You are asked to repeat the listing word for word and to leave out its pictures.

**Information supplied:**
===
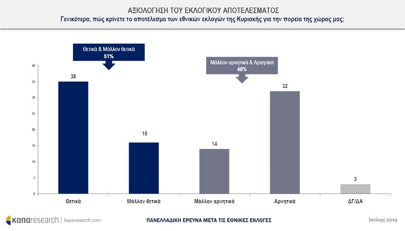 Σύμφωνα με τη μετεκλογική δημοσκόπηση της Κάπα Research, το 51% των ερωτηθέντων κρίνει θετικά ή μάλλον θετικά τα εκλογικά αποτελέσματα, ενώ το 46% την κρίνει αρνητικά και μάλλον αρνητικά. Η κυβέρνηση Μητσοτάκη, πάντως, προκαλεί θετικά συναισθήματα στους πολίτες σε ποσοστό 47% έναντι 45% που τους προκαλεί αρνητικά.
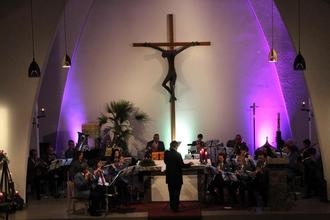 Kapellmeister Andreas Heil konnte bei nahezu allen Stücken auf Solisten zurückgreifen. Neben Informationen zu den einzelnen Werken stellten Birgit Galonska und Thomas Reitz den Bezug zum Konzerttitel „Liebe & Hoffnung“ her. Die Besucher zeigten ihre Begeisterung nach den letzten Darbietungen, dem Klassiker „White Christmas“ und der Zugabe „Highland Cathedral“, mit Ovationen.
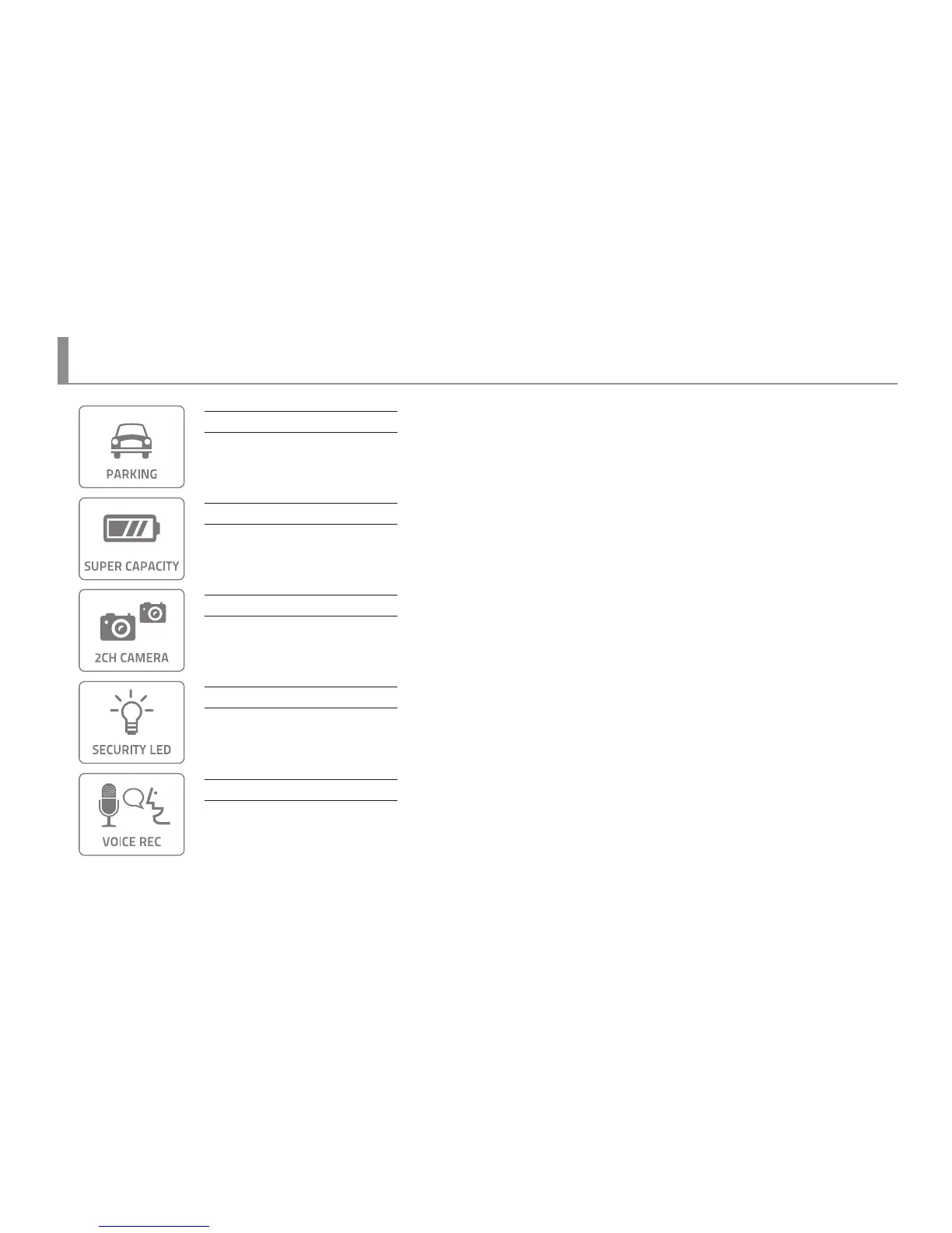 Security LED in front indicates that Car DVR is installed in this vehicle and it is always operating while Car DVR is powered on.
===
**Answer below:**
 Σύμφωνα με τη μετεκλογική δημοσκόπηση της Κάπα Research, το 51% των ερωτηθέντων κρίνει θετικά ή μάλλον θετικά τα εκλογικά αποτελέσματα, ενώ το 46% την κρίνει αρνητικά και μάλλον αρνητικά. Η κυβέρνηση Μητσοτάκη, πάντως, προκαλεί θετικά συναισθήματα στους πολίτες σε ποσοστό 47% έναντι 45% που τους προκαλεί αρνητικά.
 Kapellmeister Andreas Heil konnte bei nahezu allen Stücken auf Solisten zurückgreifen. Neben Informationen zu den einzelnen Werken stellten Birgit Galonska und Thomas Reitz den Bezug zum Konzerttitel „Liebe & Hoffnung“ her. Die Besucher zeigten ihre Begeisterung nach den letzten Darbietungen, dem Klassiker „White Christmas“ und der Zugabe „Highland Cathedral“, mit Ovationen.
 Security LED in front indicates that Car DVR is installed in this vehicle and it is always operating while Car DVR is powered on.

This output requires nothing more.